Lee Rannals for redOrbit.com – Your Universe Online
Researchers at the University of Miami have confirmed that rising sea levels are threatening the Florida Everglades’ freshwater plants.
Life inside the Everglades depends on the fresh water that flows south from Lake Okeechobee. Both plants and animals alike could face devastation if salt water began to intrude on this community.
The team used satellite imagery from 2001 to 2010 over the southeastern Everglades in an area called Taylor Slough. The satellite imagery confirmed long-term trends of mangrove expansion and aggressive habitat loss near the shore. This trend is related to salt water intrusion caused by sea-level rise and water management practices, according to the new study.
“I was very surprised at how well the results matched our understanding of long-term trends and field data. Normally, we don’t see such clear patterns,” said Douglas Fuller, principal investigator of the study published in the journal Wetlands.
The team found large patches of vegetation loss closer to the coast, about 2.5 miles from the shoreline, in and around a vegetative band of low productivity that has been shifting inland over the past 70 years.
“Less salt-tolerant plants like the sawgrass, spike rush, and tropical hardwood hammocks are retreating. At the same time, salt-loving mangroves continue to extend inland,” according to Fuller, professor of Geography and Regional studies in the College of Arts and Sciences at the University of Miami.
The Comprehensive Everglades Restoration Plan may help to offset some of the changes being caused by future salt water intrusion, but Fuller says that this restoration may not suffice if seal-level rise continues to accelerate.
Taylor Slough is the second largest flow-way for surface water in the Everglades and stretches about 18 miles along the eastern boundary of Everglades National Park.
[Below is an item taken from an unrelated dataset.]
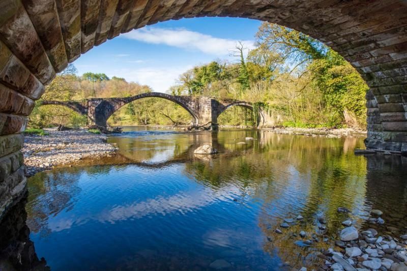 A continuación, serpentea durante unos 11 kilómetros a través de ondulantes tierras de cultivo, pasando por los grandes edificios del Stonyhurst College y por monumentos históricos como el puente de Cromwell, un puente para caballos de carga cubierto de vegetación que alguna vez utilizó Oliver Cromwell en la guerra civil inglesa.
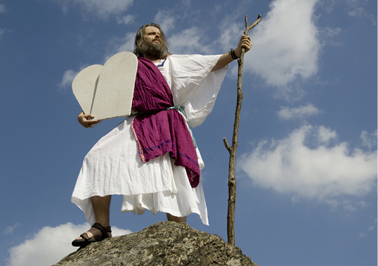 Moses kommt zum zweiten Mal mit den Gesetzestafeln vom Berg Sinai herab, um dem Volk, das unten geduldig auf ihn wartet, die Gebote Gottes zu verkünden. Bei den Wartenden angekommen, sagt er: „Also, Leute, es gibt eine gute und eine schlechte Nachricht. Welche wollt ihr zuerst hören?“

Fuller said the methods used in the study helped the scientists to assess the trends, unlike past research that was limited to plot-level studies.
“These field studies, which provide confirmation of the satellite-based results, involved clipping and weighing plants found in sawgrass prairies and are part of a long-term effort to understand the dynamics of the ecosystems in the Everglades,” Fuller said.
The team would like to apply the methods used in their study to other coastal wetland areas that are similarly being threatened by sea-level rise.